The trabecular meshwork is an area of tissue in the eye located around the base of the cornea, near the ciliary body, and is responsible for draining the aqueous humor from the eye via the anterior chamber (the chamber on the front of the eye covered by the cornea).

The tissue is spongy and lined by trabeculocytes; it allows fluid to drain into a set of tubes called Schlemm's canal which is lined by endothelium with blood and lymphatic properties that allow aqueous humor to flow into the blood system.

== Structure ==
The meshwork is divided up into three parts, with characteristically different ultrastructures:
1. Inner uveal meshwork - Closest to the anterior chamber angle, contains thin cord-like trabeculae, orientated predominantly in a radial fashion, enclosing trabeculae spaces larger than the corneoscleral meshwork.
2. Corneoscleral meshwork - Contains a large amount of elastin, arranged as a series of thin, flat, perforated sheets arranged in a laminar pattern; considered the ciliary muscle tendon.
3. Juxtacanalicular tissue (also known as the cribriform meshwork) - Lies immediately adjacent to Schlemm's canal, composed of connective tissue ground substance full of glycoaminoglycans and glycoproteins. This thin strip of tissue is covered by a monolayer of endothelial cells.
The trabecular meshwork is assisted to a small degree in the drainage of aqueous humour by a second outflow pathway, the uveo-scleral pathway (5-10% of outflow occurs this way). The uveo-scleral pathway is increased with the use of glaucoma drugs such as prostaglandins (e.g., Xalatan, Travatan).
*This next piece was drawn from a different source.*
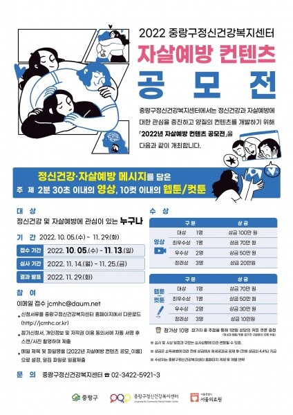 류경기 중랑구청장은 “정신건강과 자살예방의 중요성은 아무리 강조해도 지나치지 않다”며 “많은 이들의 마음을 토닥이고 생명의 소중함을 알릴 수 있는 위로와 희망의 메시지를 영상과 웹툰으로 마음껏 표현해 주시길 바란다”고 참여를 독려했다.

The trabecular meshwork had previously been thought to arise from a point (apex) corresponding to the termination of the DM
(Schwalbe's line) however it is now considered to extend into the cornea, forming the Dua's layer.

==Clinical significance==
===Glaucoma===
It is thought that most cases of glaucoma (although not all) are caused or enabled by an increase in intraocular pressure. Pressure increases either when too much aqueous humor fluid is produced or by decreased aqueous humor outflow. The trabecular meshwork is responsible for most of the outflow of aqueous humor. When outflow is blocked, interventions such as trabeculectomy, trabeculoplasty, or aqueous shunt may be required to restore it.